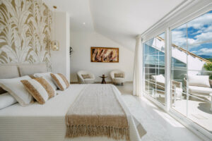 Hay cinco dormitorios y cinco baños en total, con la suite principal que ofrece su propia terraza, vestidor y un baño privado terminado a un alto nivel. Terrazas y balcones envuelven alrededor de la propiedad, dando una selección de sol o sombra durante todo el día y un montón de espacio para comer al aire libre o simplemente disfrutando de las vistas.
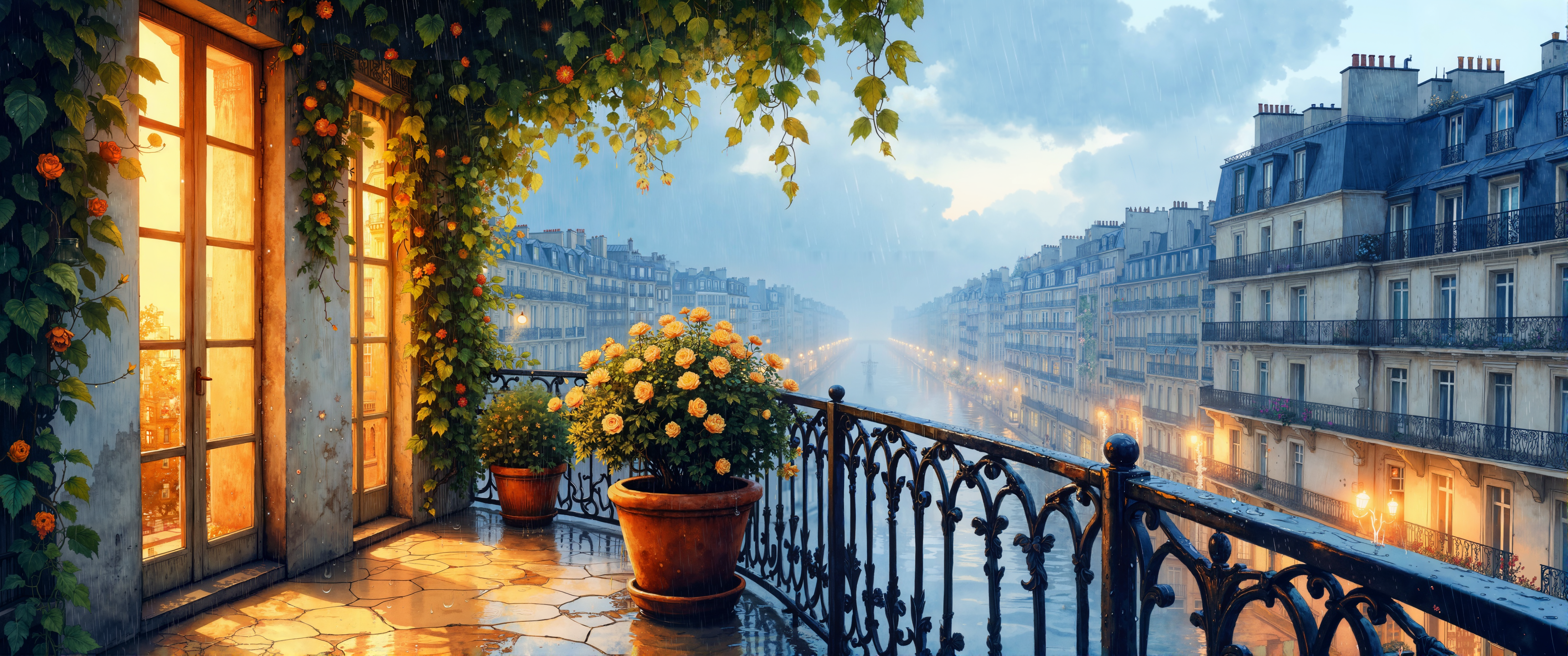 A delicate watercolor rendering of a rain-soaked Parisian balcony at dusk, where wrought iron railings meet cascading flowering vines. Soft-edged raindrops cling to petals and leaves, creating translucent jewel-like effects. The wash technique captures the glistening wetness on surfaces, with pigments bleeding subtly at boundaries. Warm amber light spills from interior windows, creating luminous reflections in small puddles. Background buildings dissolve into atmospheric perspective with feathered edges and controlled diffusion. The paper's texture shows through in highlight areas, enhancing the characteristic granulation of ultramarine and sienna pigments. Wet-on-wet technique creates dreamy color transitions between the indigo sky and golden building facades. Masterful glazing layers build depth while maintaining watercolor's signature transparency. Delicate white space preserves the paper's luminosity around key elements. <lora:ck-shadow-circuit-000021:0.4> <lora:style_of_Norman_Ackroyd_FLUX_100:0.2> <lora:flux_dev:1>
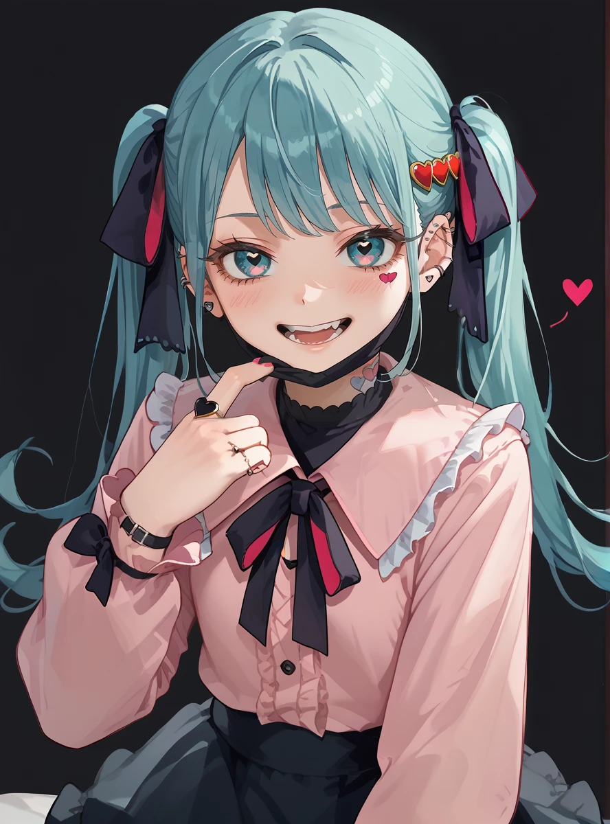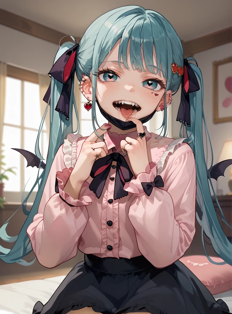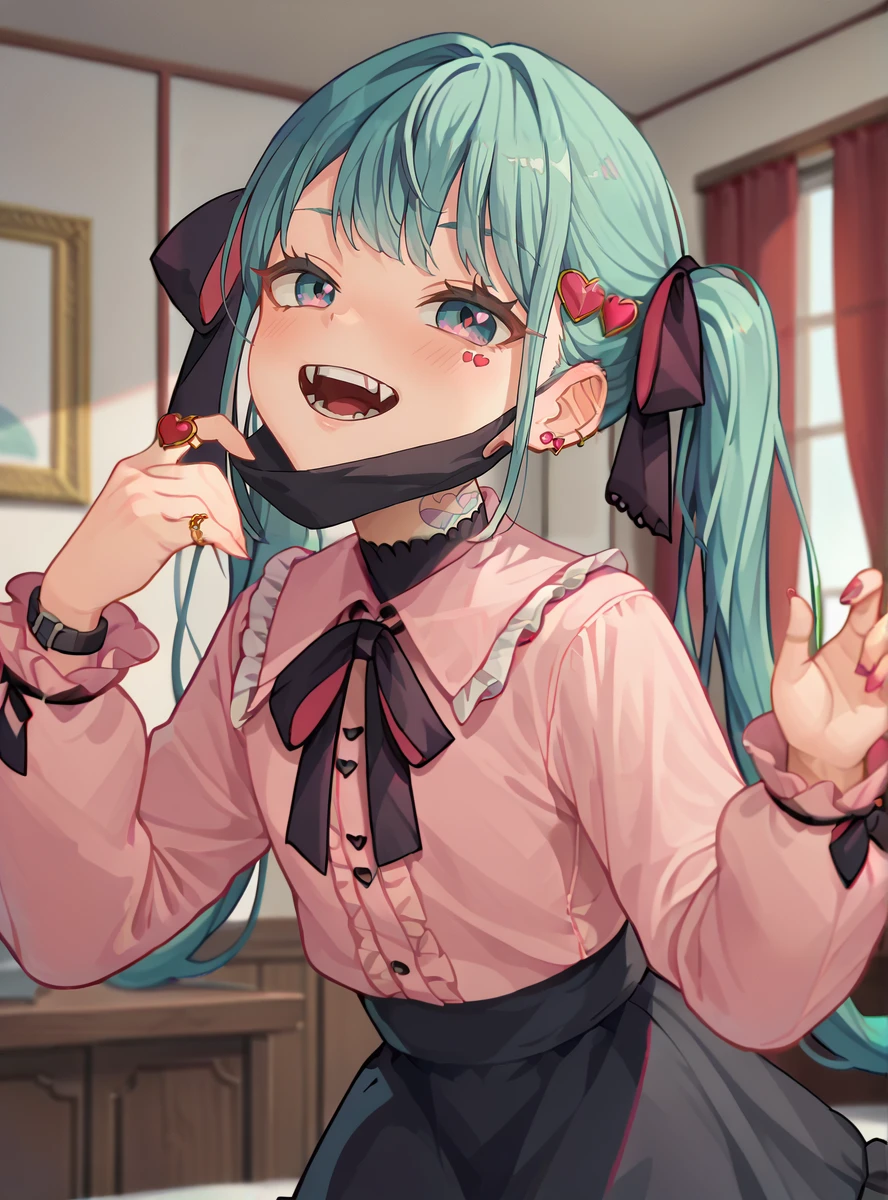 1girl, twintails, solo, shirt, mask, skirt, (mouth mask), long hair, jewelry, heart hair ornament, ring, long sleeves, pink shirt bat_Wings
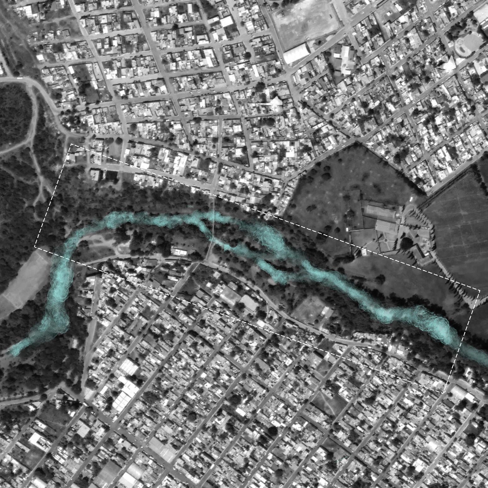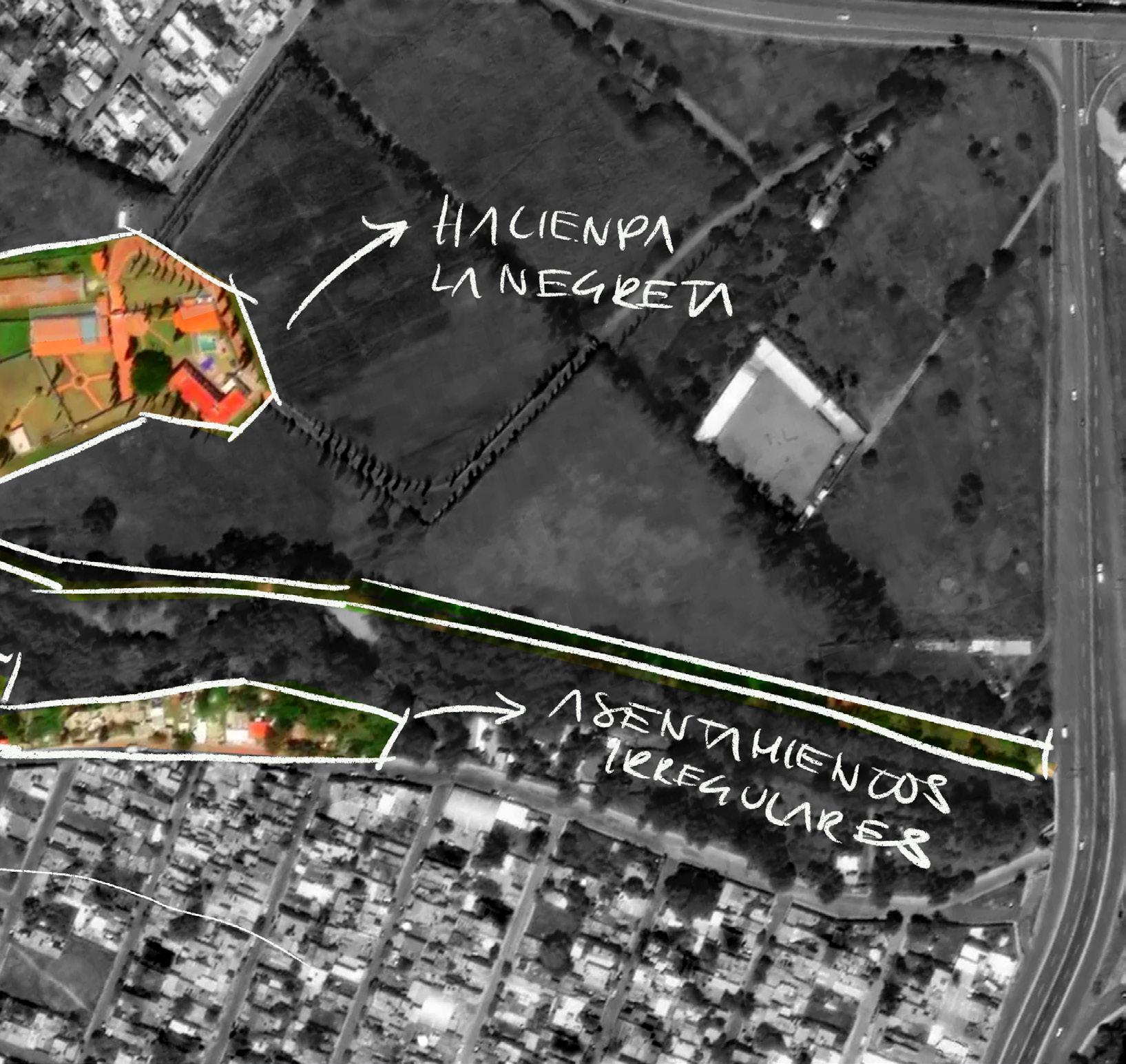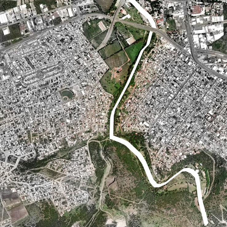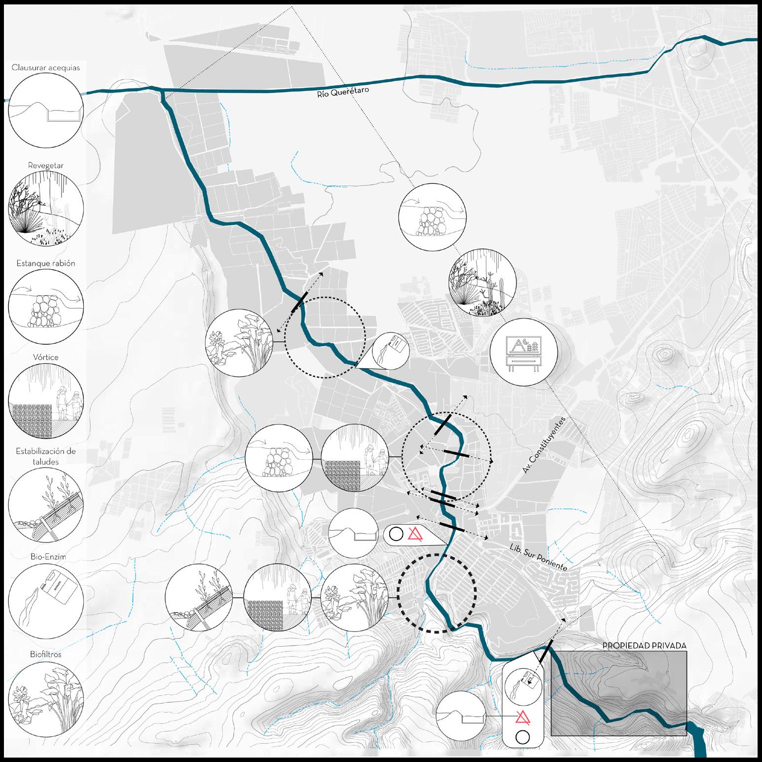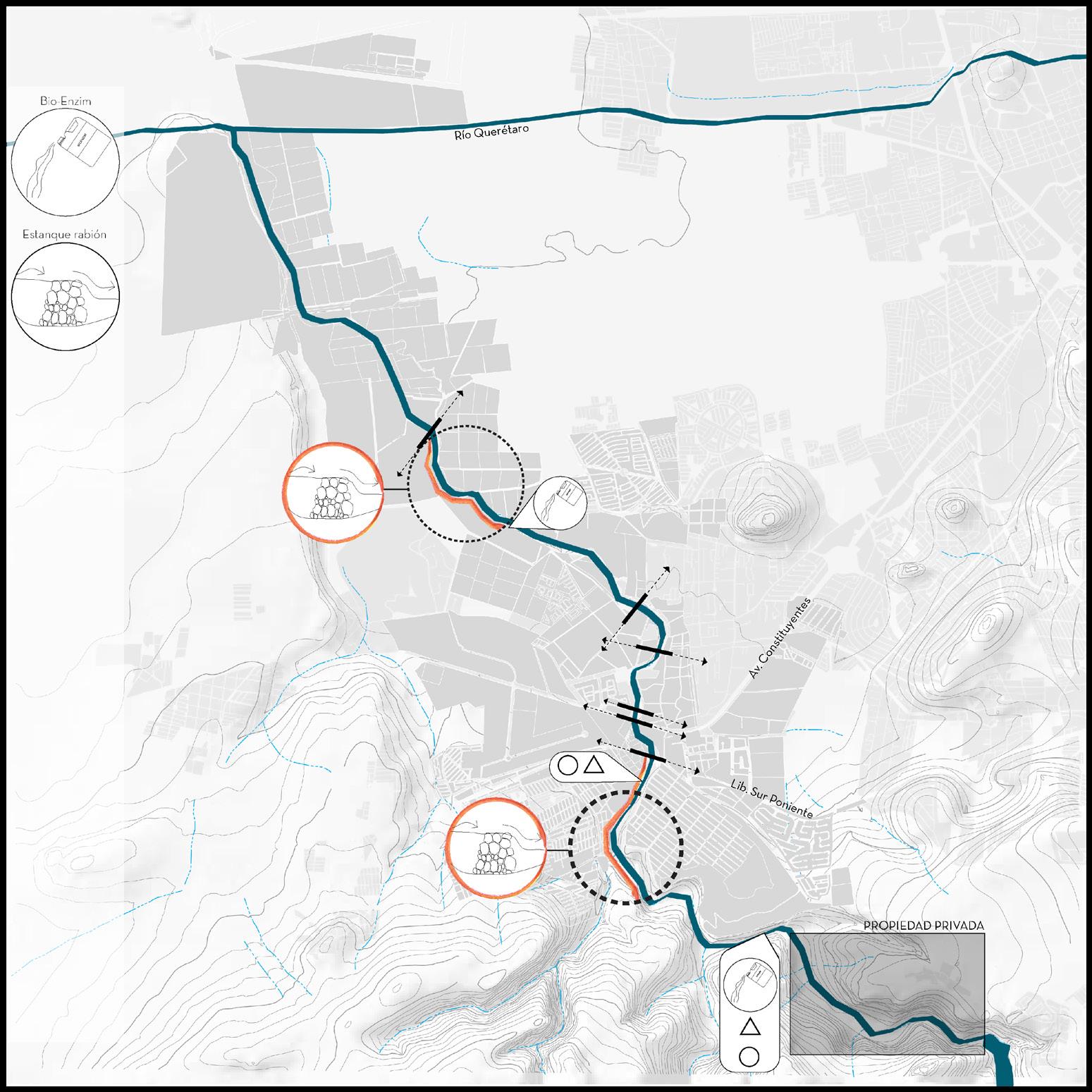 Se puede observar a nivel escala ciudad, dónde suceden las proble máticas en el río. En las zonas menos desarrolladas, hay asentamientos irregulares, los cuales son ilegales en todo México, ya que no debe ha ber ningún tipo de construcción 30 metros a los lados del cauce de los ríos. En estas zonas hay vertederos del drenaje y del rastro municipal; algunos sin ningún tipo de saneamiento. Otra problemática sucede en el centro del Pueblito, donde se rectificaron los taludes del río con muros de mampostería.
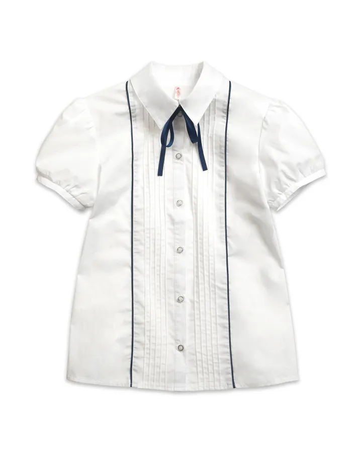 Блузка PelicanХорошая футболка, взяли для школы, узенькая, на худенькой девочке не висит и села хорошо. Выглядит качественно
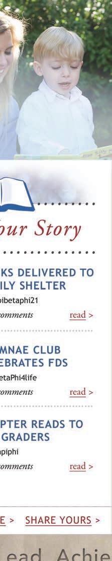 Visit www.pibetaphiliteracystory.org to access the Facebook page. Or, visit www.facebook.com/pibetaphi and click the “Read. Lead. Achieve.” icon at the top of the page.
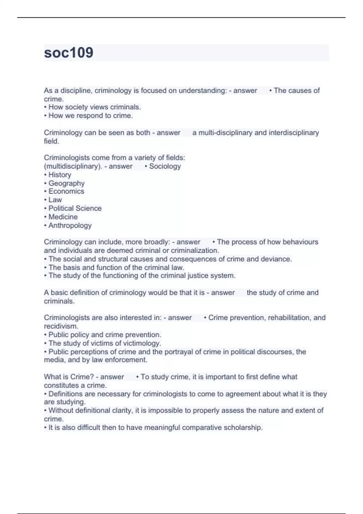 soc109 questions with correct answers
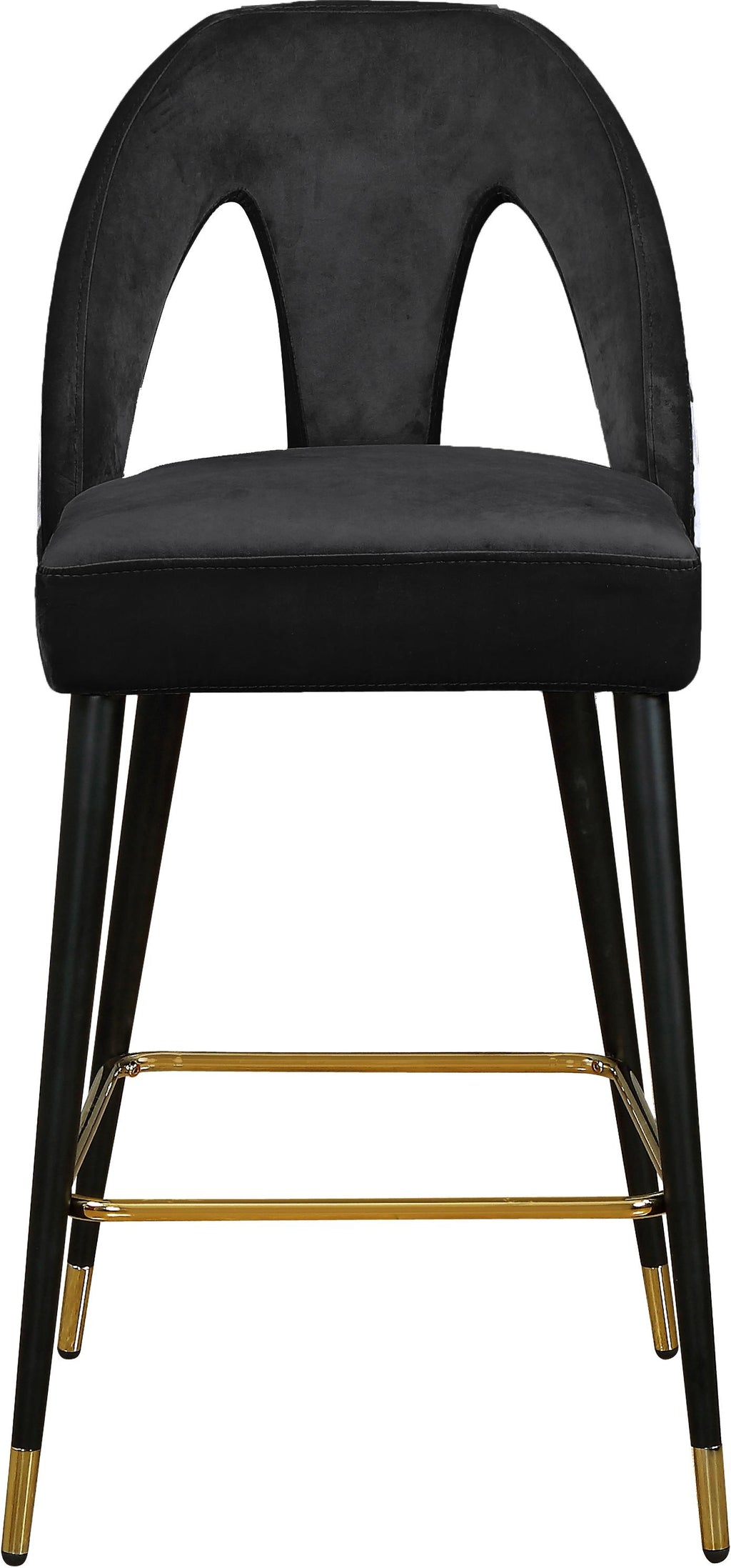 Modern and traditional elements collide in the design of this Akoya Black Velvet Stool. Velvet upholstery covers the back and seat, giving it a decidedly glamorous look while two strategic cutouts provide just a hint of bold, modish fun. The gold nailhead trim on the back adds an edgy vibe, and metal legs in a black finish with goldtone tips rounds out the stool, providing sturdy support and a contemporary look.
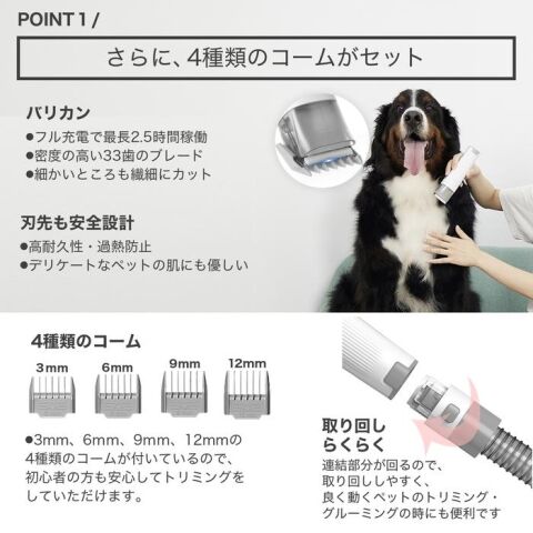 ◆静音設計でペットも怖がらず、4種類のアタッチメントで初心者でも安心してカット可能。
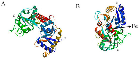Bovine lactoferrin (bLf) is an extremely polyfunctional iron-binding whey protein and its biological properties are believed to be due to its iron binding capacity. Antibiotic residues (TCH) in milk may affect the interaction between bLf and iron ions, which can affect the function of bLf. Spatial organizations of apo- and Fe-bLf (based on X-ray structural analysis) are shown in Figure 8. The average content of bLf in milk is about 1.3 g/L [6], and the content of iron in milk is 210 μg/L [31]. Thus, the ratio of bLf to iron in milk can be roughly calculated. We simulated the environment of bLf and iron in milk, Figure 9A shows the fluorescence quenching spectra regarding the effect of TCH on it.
★ ★ ★
→ Your assignment:
The data is to be printed again exactly, but without its pictures.

→ Expected answer:
 Hay cinco dormitorios y cinco baños en total, con la suite principal que ofrece su propia terraza, vestidor y un baño privado terminado a un alto nivel. Terrazas y balcones envuelven alrededor de la propiedad, dando una selección de sol o sombra durante todo el día y un montón de espacio para comer al aire libre o simplemente disfrutando de las vistas.
 A delicate watercolor rendering of a rain-soaked Parisian balcony at dusk, where wrought iron railings meet cascading flowering vines. Soft-edged raindrops cling to petals and leaves, creating translucent jewel-like effects. The wash technique captures the glistening wetness on surfaces, with pigments bleeding subtly at boundaries. Warm amber light spills from interior windows, creating luminous reflections in small puddles. Background buildings dissolve into atmospheric perspective with feathered edges and controlled diffusion. The paper's texture shows through in highlight areas, enhancing the characteristic granulation of ultramarine and sienna pigments. Wet-on-wet technique creates dreamy color transitions between the indigo sky and golden building facades. Masterful glazing layers build depth while maintaining watercolor's signature transparency. Delicate white space preserves the paper's luminosity around key elements. <lora:ck-shadow-circuit-000021:0.4> <lora:style_of_Norman_Ackroyd_FLUX_100:0.2> <lora:flux_dev:1>
 1girl, twintails, solo, shirt, mask, skirt, (mouth mask), long hair, jewelry, heart hair ornament, ring, long sleeves, pink shirt bat_Wings
 Se puede observar a nivel escala ciudad, dónde suceden las proble máticas en el río. En las zonas menos desarrolladas, hay asentamientos irregulares, los cuales son ilegales en todo México, ya que no debe ha ber ningún tipo de construcción 30 metros a los lados del cauce de los ríos. En estas zonas hay vertederos del drenaje y del rastro municipal; algunos sin ningún tipo de saneamiento. Otra problemática sucede en el centro del Pueblito, donde se rectificaron los taludes del río con muros de mampostería.
 Блузка PelicanХорошая футболка, взяли для школы, узенькая, на худенькой девочке не висит и села хорошо. Выглядит качественно
 Visit www.pibetaphiliteracystory.org to access the Facebook page. Or, visit www.facebook.com/pibetaphi and click the “Read. Lead. Achieve.” icon at the top of the page.
 soc109 questions with correct answers
 Modern and traditional elements collide in the design of this Akoya Black Velvet Stool. Velvet upholstery covers the back and seat, giving it a decidedly glamorous look while two strategic cutouts provide just a hint of bold, modish fun. The gold nailhead trim on the back adds an edgy vibe, and metal legs in a black finish with goldtone tips rounds out the stool, providing sturdy support and a contemporary look.
 ◆静音設計でペットも怖がらず、4種類のアタッチメントで初心者でも安心してカット可能。
Bovine lactoferrin (bLf) is an extremely polyfunctional iron-binding whey protein and its biological properties are believed to be due to its iron binding capacity. Antibiotic residues (TCH) in milk may affect the interaction between bLf and iron ions, which can affect the function of bLf. Spatial organizations of apo- and Fe-bLf (based on X-ray structural analysis) are shown in Figure 8. The average content of bLf in milk is about 1.3 g/L [6], and the content of iron in milk is 210 μg/L [31]. Thus, the ratio of bLf to iron in milk can be roughly calculated. We simulated the environment of bLf and iron in milk, Figure 9A shows the fluorescence quenching spectra regarding the effect of TCH on it.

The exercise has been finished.